Lori Ostlund might be a San Francisco-based author now, but don’t expect her characters to always inhabit the Golden State.
In Ostlund’s new short story collection Are You Happy?, we instead meet characters from Minnesota and New Mexico, with only the occasional fleeting glance toward San Francisco or New York City. The reason becomes clear as her stories unfurl: Ostlund’s writing is most at home in small schools, small towns and small dive bars, all of them imbued with a permanent sense of enclosure, claustrophobia and unease. Major cities loom on the horizon only as escape hatches.
Other themes weave throughout these nine stories. Grief, for lives lost too soon, or for lives thrown away at the local bar. Being LGBTQ+, usually in places where it isn’t altogether safe. The constant threat of violence that permeates American culture and, in particular, women’s psyches.

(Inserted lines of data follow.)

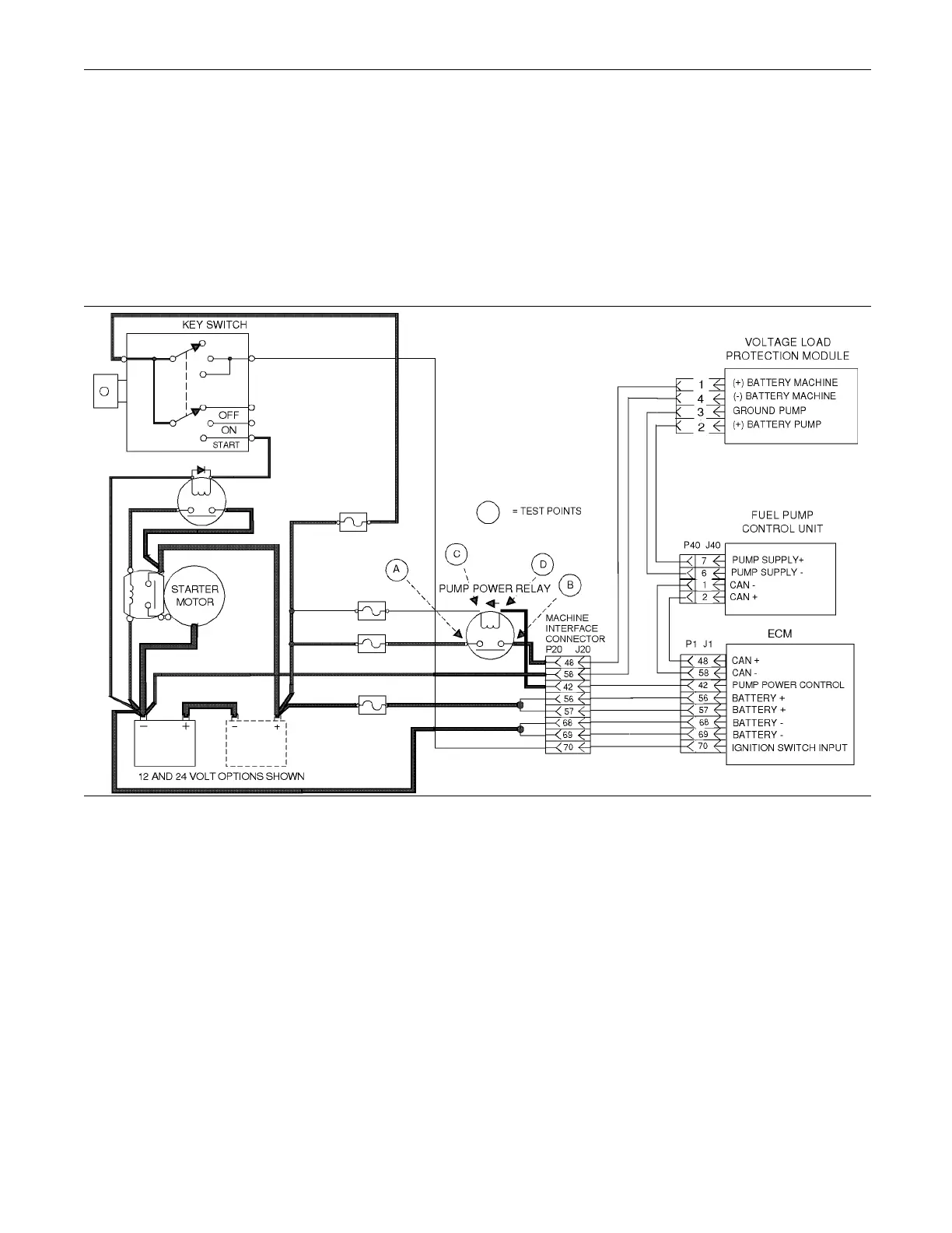 Schematic for the fuel injection pum p and ECM pow er supply for en gines with a Machine Interface Connector that has 70 pins
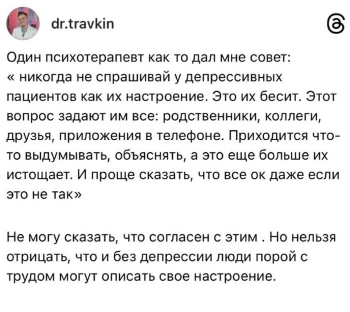 Доктор Травкин - врач-психотерапевт, психиатр. Он не только ведёт консультации, но и делится своим мнением и историями в соцсетях. Давайте посмотрим, о чём рассуждает действующий врач-мужчина?
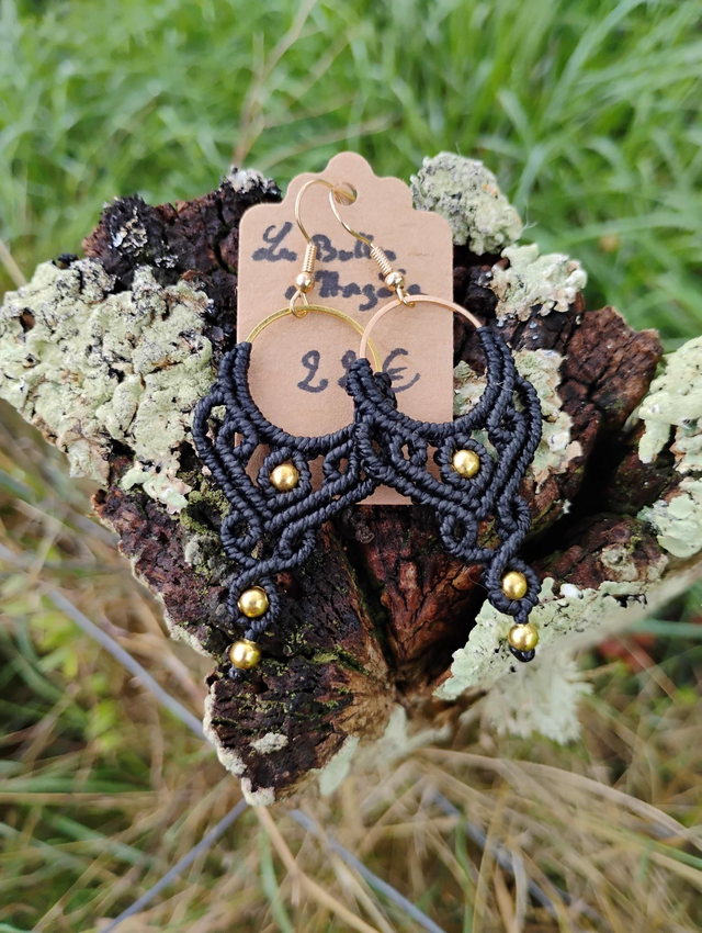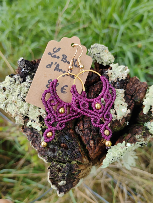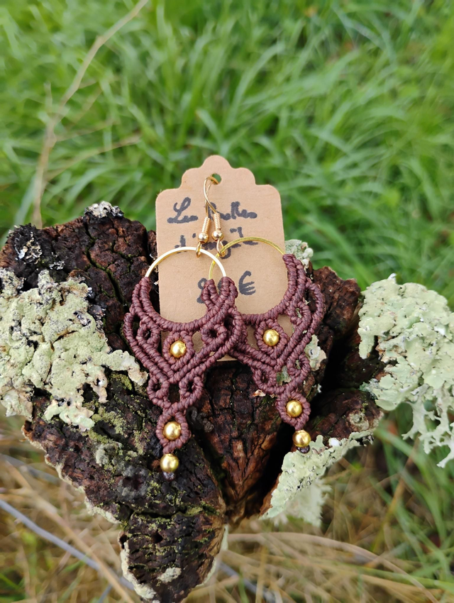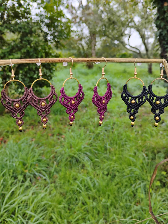 Boucles d'oreilles en micro macramé, tissées avec fil Linhasita d'1m et anneau, perles et crochet en laiton doré.
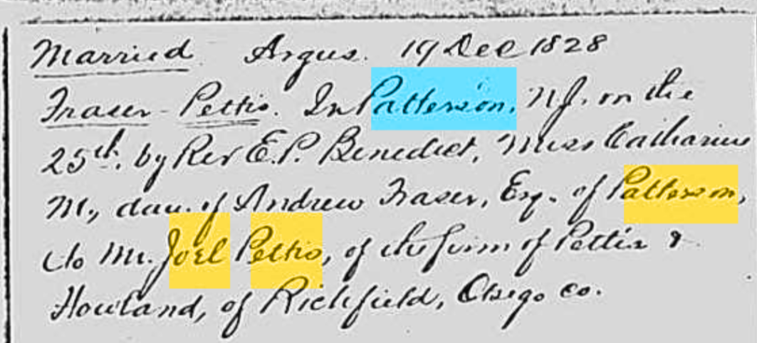 Joel and Catherine Fraser Pettis, Harvey and Jane Fraser Crosby as well as Andrew and Grace Ann Fraser are all buried in The Presbyterian Churchyard on Maple Ave in Patterson. This is the same cemetery in which Olive Eastwood’s parents, John and Ann Ludington Eastwood are buried. Col Henry Ludington and Sybil Ludington of Revolutionary War fame are buried in very close proximity to them as well.

Ostlund herself — a teacher of 25 years, and a lesbian — grew up in small-town Minnesota. Because she writes about what she most intimately knows, her stories are consistently immersive.
One of the most impactful stories in Are You Happy? is “The Stalker,” about a female teacher grappling with a sinister, potentially dangerous student. Ostlund juxtaposes the coziness of the teacher’s quiet home life, complete with wife and cat, with the cold, exposed feeling of fending for herself in night classes with a former soldier who may or may not want to hurt her.